I will come whenever she calls,
especially if she says
I love you,
especially that,
even if she swears
and promises nothing
but love.

The light from her
covers every
thing equally,
even my body throws no shadow
it too is consumed with light.

But this word – love
the shape of her lips
as she says it
well, this word grows and grows
inside me
it shakes itself, begins
to eat this paper
until we two shine in
its transparent throat and still
are riven, are glistening, hip and thigh,
her loosened hair
which knows no hesitation.

Come With Me

Come with me, I said, and no one knew
where, or how my body ached,
no carnations or barcaroles for me,
only a desire that you had opened.

I said it again: Come with me,
and no one saw the moon that bled in my mouth
or the blood that rose in the silence.

That is why, when I heard your voice say
I am coming, it was as if you had let loose
the grief, the love, the fury of a cork-trapped wine

that geysers flooding from deep in its vault:
in my mouth I felt the taste of fire again,
of blood and carnations, of salt and drops of rain.

Yes

It’s about the blood
banging in the body,
and the brain
lolling in its bed
like a happy baby.
At your touch, the nerve,
that volatile spook tree,
vibrates.
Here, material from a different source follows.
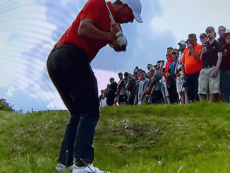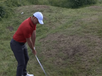 In the third round of The Open, Rory McIlroy’s drive finds the right rough on the par-4 11th hole. McIlroy hacks out his approach and uncovers a second ball buried underneath his, causing his shot to knuckle down the fairway en route to making bogey.

The lungs
take up their work
with a giddy vigor.
Tremors in the joints
and tympani,
dust storms
in the canister of sugar.
The coil of ribs
heats up, begins
to glow. Come
here.

– Catherine Doty

Time Does Not Bring Relief

Time does not bring relief; you all have lied
Who told me time would ease me of my pain!
I miss her in the weeping of the rain;
I want her at the shrinking of the tide;
The old snows melt from every mountain-side,
And last year’s leaves are smoke in every lane;
But last year’s bitter loving must remain
Heaped on my heart, and my old thoughts abide.
There are a hundred places where I fear
To go,—so with her memory they brim.
And entering with relief some quiet place
Where never fell her foot or shone her face
I say, “There is no memory of her here!”
And so stand stricken, so remembering her.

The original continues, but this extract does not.